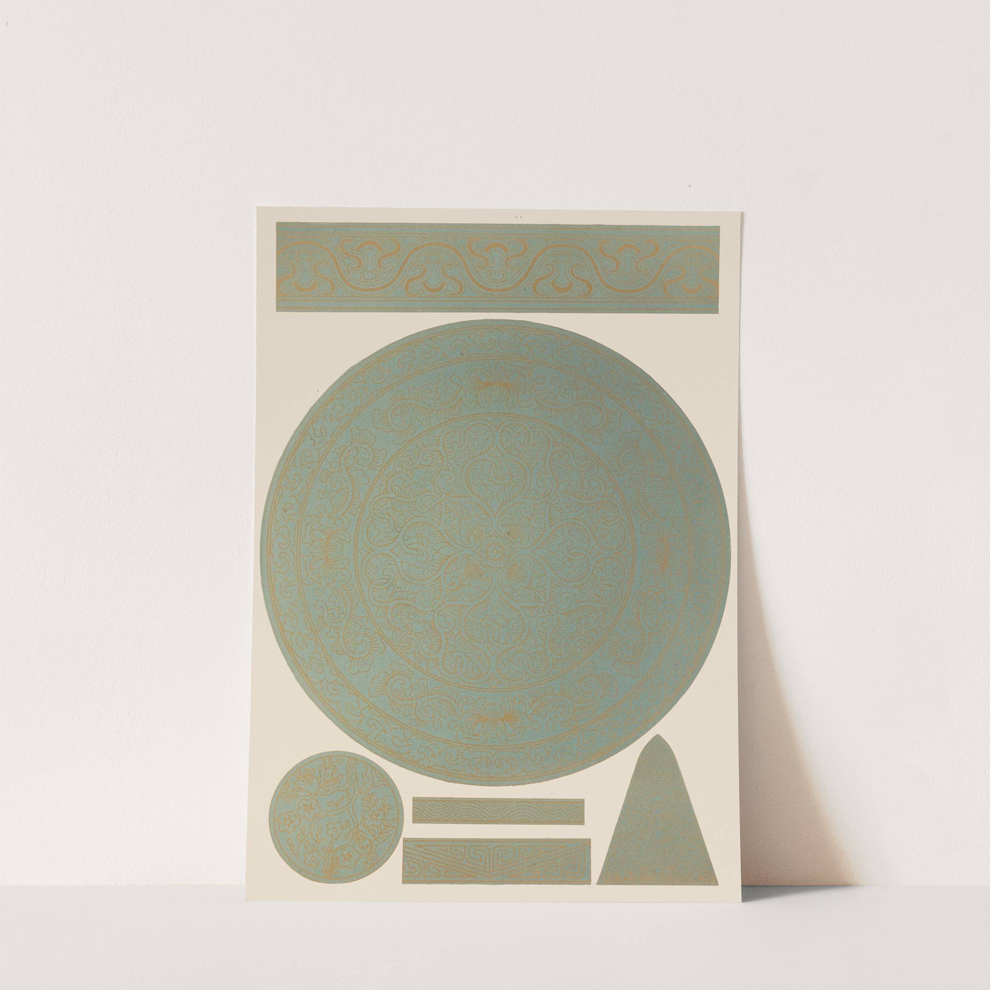 Introducing "Examples of Chinese Ornament," a stunning digital artwork by renowned artist Owen Jones. This piece features a beautiful array of decorative patterns inspired by traditional Chinese motifs, presented in an elegant palette of light teal and golden yellow hues.At...
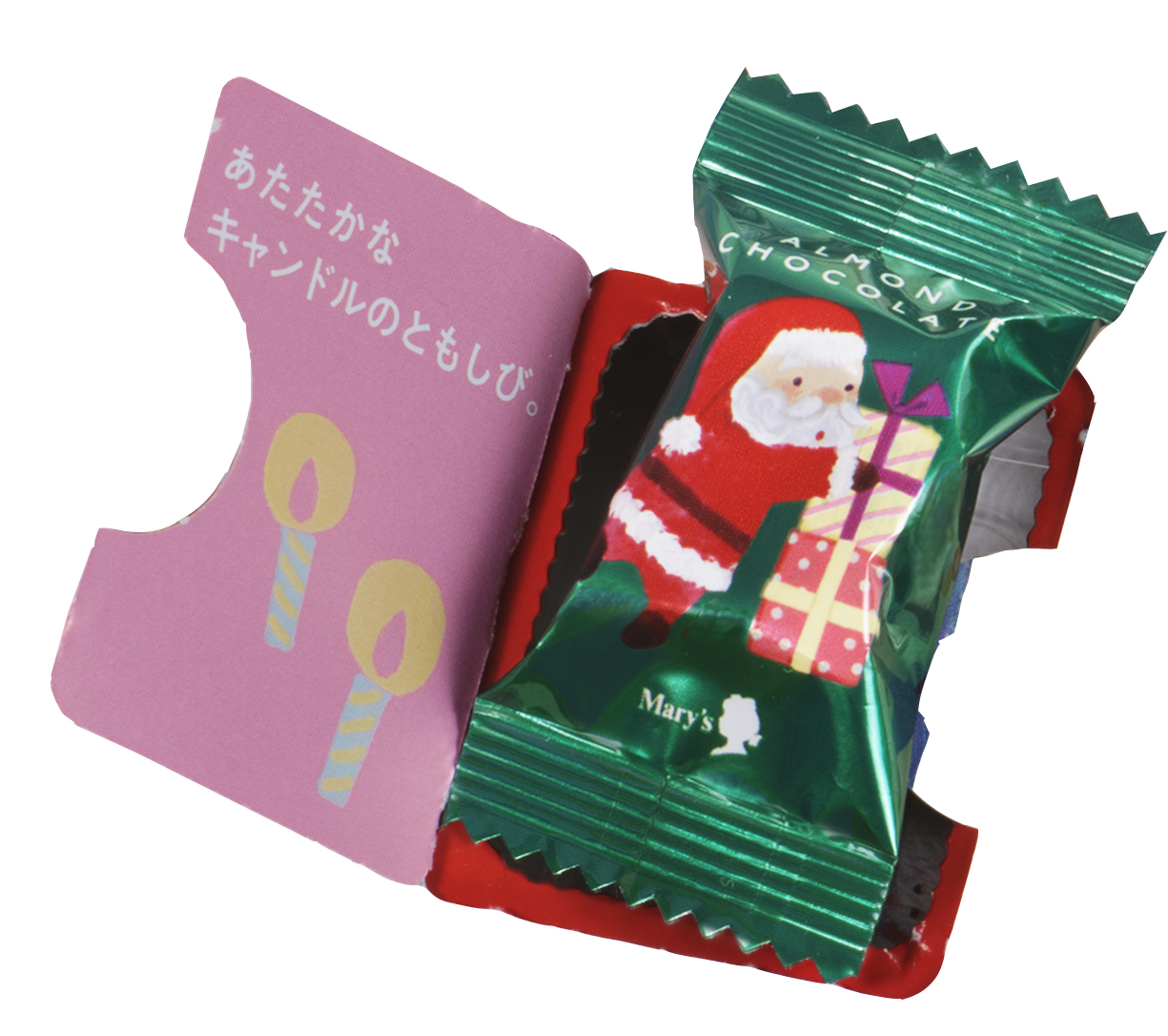 扉の中にはチョコレートのお菓子が入っています。何が入っているかはおたのしみ💕
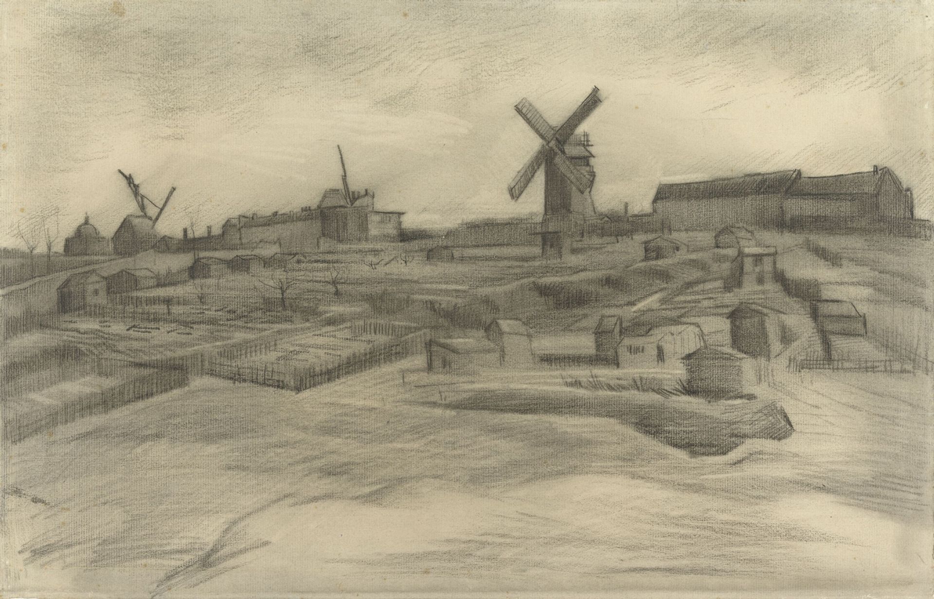 The drawing depicts windmills on top of Montmartre with a quarry below, a spot just a few minutes’ walk from the apartment that Vincent shared with his brother Theo. Sold in 1911 by Theo’s widow, Jo Bonger, to a dealer in Haarlem, the drawing disappeared until it was bought by the Van Vlissingen Art Foundation, set up by John Fentener van Vlissingen, whose wealth comes from the travel trade.

* Problem to work on: Retype, word for word, only the lines from the line with "扉の中にはチョコレートのお菓子が入っています。何が入っているかはおたのしみ💕" to the final line of the listing above; the pictures do not belong in the copy.

* Response to the exercise:
 扉の中にはチョコレートのお菓子が入っています。何が入っているかはおたのしみ💕
 The drawing depicts windmills on top of Montmartre with a quarry below, a spot just a few minutes’ walk from the apartment that Vincent shared with his brother Theo. Sold in 1911 by Theo’s widow, Jo Bonger, to a dealer in Haarlem, the drawing disappeared until it was bought by the Van Vlissingen Art Foundation, set up by John Fentener van Vlissingen, whose wealth comes from the travel trade.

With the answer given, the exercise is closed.